> _What is being asked_: The data below should be retyped exactly, with the pictures left out.

> _Supplied data_:
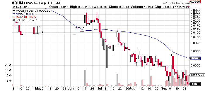 Urban Ag Corp. (AQUM) – AQUM is another company which is heavily promoted today. Online records show that AQUM has already been touted by eleven different newsletters since the last closing bell.
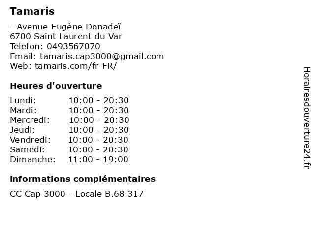 1 Tamaris (Distance: 7,36 km) 30 Avenue Jean Medecin, 06000 Nice bijoux, boutique de chaussures, femme, luxe homme, mode, tamaris 2 Tamaris (Distance: 7,50 km) 30 Avenue Jean Medecin, 06000 Nice beaute, bijoux, boutiques, chausseur, enfants, maison, mode femmes, mode hommes, restaurant, sport, tamaris 3 Promod (Distance: 0,00 km) - Avenue Eugène Donadeï, 06700 Saint-Laurent-du-Var accessoires, mode, promod, vêtements 4 La Halle aux Chaussures (Distance: 0,00 km) 1 avenue Eugène Donadeï, 06700 Saint-Laurent-du-Var accessoires, aux, chaussures, enfants, femme, halle, homme, la, magasin, mode, vêtements 5 Café Coton (Distance: 0,00 km) - Avenue Eugène Donadeï, 06700 Saint-Laurent-du-Var accessoires, café, chemises, coton, habillement, hommes, mode, pret à porter, vêtements 6 Le Temps des Cerises (Distance: 0,00 km) - Avenue Eugène Donadeï, 06700 Saint-Laurent-du-Var accessoires, cerises, des, habillement, le, mode, porter, pret, temps, vêtements |
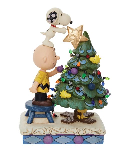 The holidays are all about spending time with the people (and pets) we love most, and that's exactly what Charlie Brown plans to do. Decorating a lovely Christmas tree, Snoopy get a lift from Charlie to place the star in this charming Jim Shore piece.

> _Finished exercise_:
 Urban Ag Corp. (AQUM) – AQUM is another company which is heavily promoted today. Online records show that AQUM has already been touted by eleven different newsletters since the last closing bell.
 1 Tamaris (Distance: 7,36 km) 30 Avenue Jean Medecin, 06000 Nice bijoux, boutique de chaussures, femme, luxe homme, mode, tamaris 2 Tamaris (Distance: 7,50 km) 30 Avenue Jean Medecin, 06000 Nice beaute, bijoux, boutiques, chausseur, enfants, maison, mode femmes, mode hommes, restaurant, sport, tamaris 3 Promod (Distance: 0,00 km) - Avenue Eugène Donadeï, 06700 Saint-Laurent-du-Var accessoires, mode, promod, vêtements 4 La Halle aux Chaussures (Distance: 0,00 km) 1 avenue Eugène Donadeï, 06700 Saint-Laurent-du-Var accessoires, aux, chaussures, enfants, femme, halle, homme, la, magasin, mode, vêtements 5 Café Coton (Distance: 0,00 km) - Avenue Eugène Donadeï, 06700 Saint-Laurent-du-Var accessoires, café, chemises, coton, habillement, hommes, mode, pret à porter, vêtements 6 Le Temps des Cerises (Distance: 0,00 km) - Avenue Eugène Donadeï, 06700 Saint-Laurent-du-Var accessoires, cerises, des, habillement, le, mode, porter, pret, temps, vêtements |
 The holidays are all about spending time with the people (and pets) we love most, and that's exactly what Charlie Brown plans to do. Decorating a lovely Christmas tree, Snoopy get a lift from Charlie to place the star in this charming Jim Shore piece.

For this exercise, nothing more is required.